INFO:Sampler:Parallelizing the sampling on 4 cores.

Setting the observed data¶

Actually measured data can now be passed to the ABCSMC. This is set via the new method, indicating that we start a new run as opposed to resuming a stored run (see the "resume stored run" example). Moreover, we have to set the output database where the ABC-SMC run is logged.

In [4]:

# y_observed is the important piece here: our actual observation.
y_observed = 1
# and we define where to store the results
db_path = "sqlite:///" + os.path.join(tempfile.gettempdir(), "test.db")
history = abc.new(db_path, {"y": y_observed})

INFO:History:Start <ABCSMC id=1, start_time=2021-02-21 20:27:46.032578>

The new method returns a history object, whose id identifies the ABC-SMC run in the database. We're not using this id for now. But it might be important when you load the stored data or want to continue an ABC-SMC run in the case of having more than one ABC-SMC run stored in a single database.

In [5]:

print("ABC-SMC run ID:", history.id)

ABC-SMC run ID: 1

Running the ABC¶

We run the ABCSMC specifying the epsilon value at which to terminate. The default epsilon strategy is the pyabc.epsilon.MedianEpsilon. Whatever is reached first, the epsilon or the maximum number allowed populations, terminates the ABC run. The method returns a pyabc.storage.History object, which can, for example, be queried for the posterior probabilities.

In [6]:

# We run the ABC until either criterion is met
history = abc.run(minimum_epsilon=0.2, max_nr_populations=5)

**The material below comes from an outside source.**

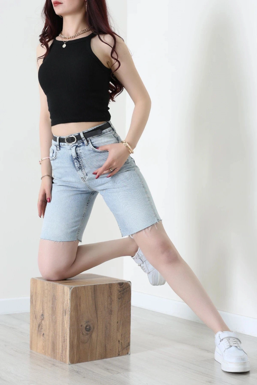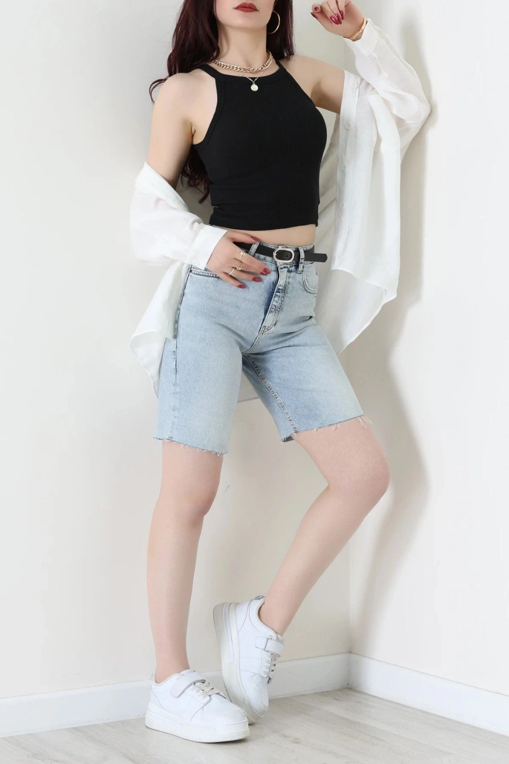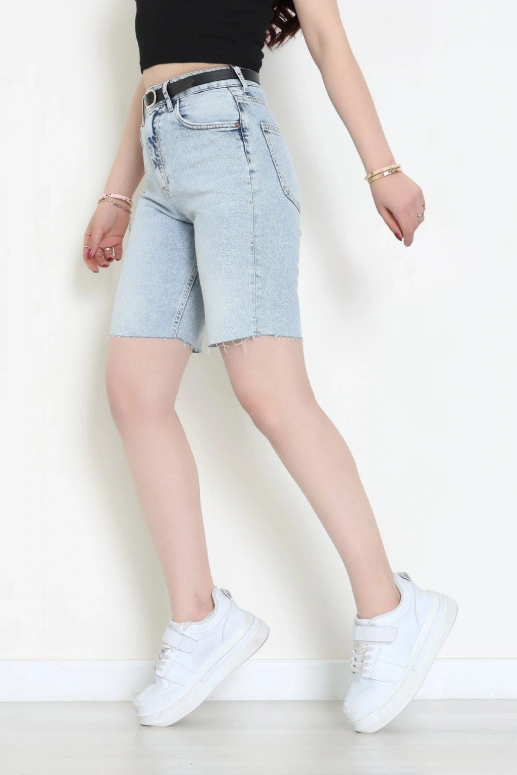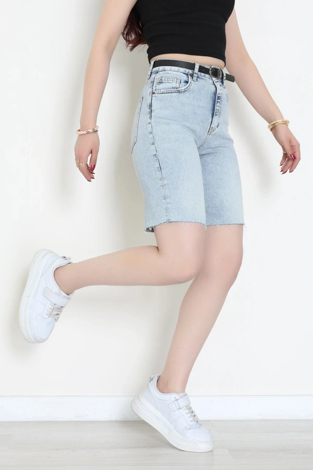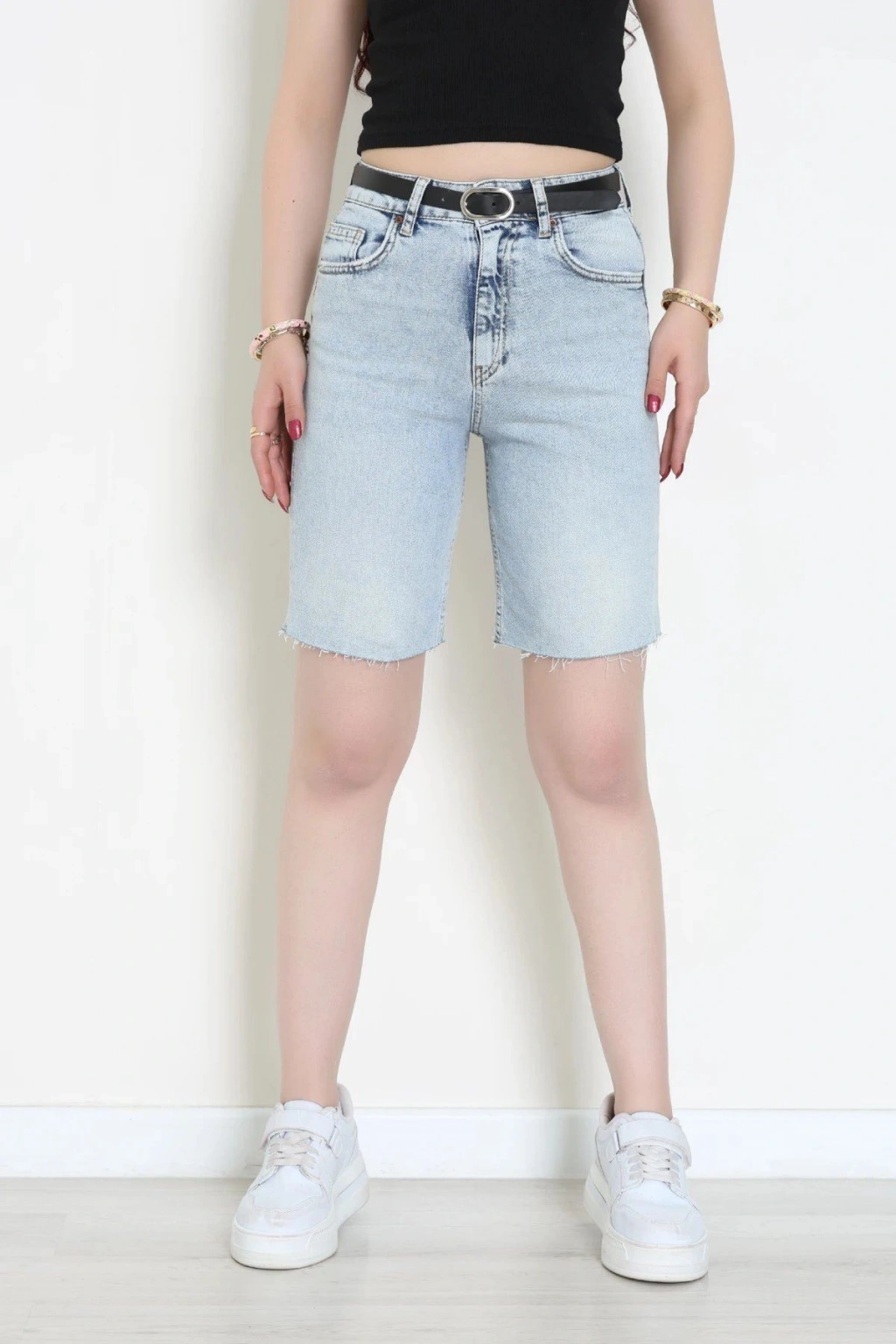 # Mavi Kot Şort ## Tasarım Detayları ve Rahat Kesim Bu açık mavi **kot şort**, hafif yapısı ve hareket özgürlüğü sunan kesimiyle sıcak günlerde konforu ön planda tutan kaliteli bir seçenektir. Modelimiz, bel bölgesini kavrayan formuyla vücut hatlarını zarifçe ortaya çıkarırken dayanıklı denim dokusuyla uzun süreli kullanım sunar. **Yüksek bel kot** arayanlar için ideal olan bu **kot şort** tasarımı, klasik cep detaylarıyla fonksiyonelliği ve şıklığı bir araya getirerek dinamik bir duruş sergiler. Diz üzerine kadar uzanan bermuda formu modern bir silüet çizerken, paça kısmındaki ham kesim detayları tasarıma doğal bir hava katar. Kemerli yapısı sayesinde vücuda tam oturan bu **mavi denim şort**, nefes alabilen pamuklu dokusuyla gün boyu serinlik hissi sağlar. Metal aksesuar detaylarıyla zenginleşen bu şık **kot şort**, bütçe dostu fiyatıyla dikkat çeken kaliteli bir fiyat performans ürünü ve ekonomik seçenektir. Satın almak için sepete ekleyin.

INFO:ABC:Calibration sample t=-1.
INFO:Epsilon:initial epsilon is 0.4513005593964347
INFO:ABC:t: 0, eps: 0.4513005593964347.
INFO:ABC:Acceptance rate: 100 / 221 = 4.5249e-01, ESS=1.0000e+02.
INFO:ABC:t: 1, eps: 0.18718437297658125.
INFO:ABC:Acceptance rate: 100 / 353 = 2.8329e-01, ESS=8.8666e+01.
INFO:pyabc.util:Stopping: minimum epsilon.
INFO:History:Done <ABCSMC id=1, duration=0:00:02.979904, end_time=2021-02-21 20:27:49.012482>

Note that the history object is also always accessible from the ABCSMC object:

In [7]:

history is abc.history

Out[7]:

True

Visualization and analysis of results¶

The pyabc.storage.History> object can, for example, be queried for the posterior probabilities in the populations:

In [8]:

# Evaluate the model probabililties
model_probabilities = history.get_model_probabilities()
model_probabilities

Out[8]:

m	0	1
t
0	0.33000	0.67000
1	0.25232	0.74768

And now, let's visualize the results:

In [9]:

pyabc.visualization.plot_model_probabilities(history)

Out[9]:

<AxesSubplot:title={'center':'Model probabilities'}, xlabel='Population index', ylabel='Probability'>

So model 1 is the more probable one. Which is expected as it was centered at 1 and the observed data was also 1, whereas model 0 was centered at 0, which is farther away from the observed data.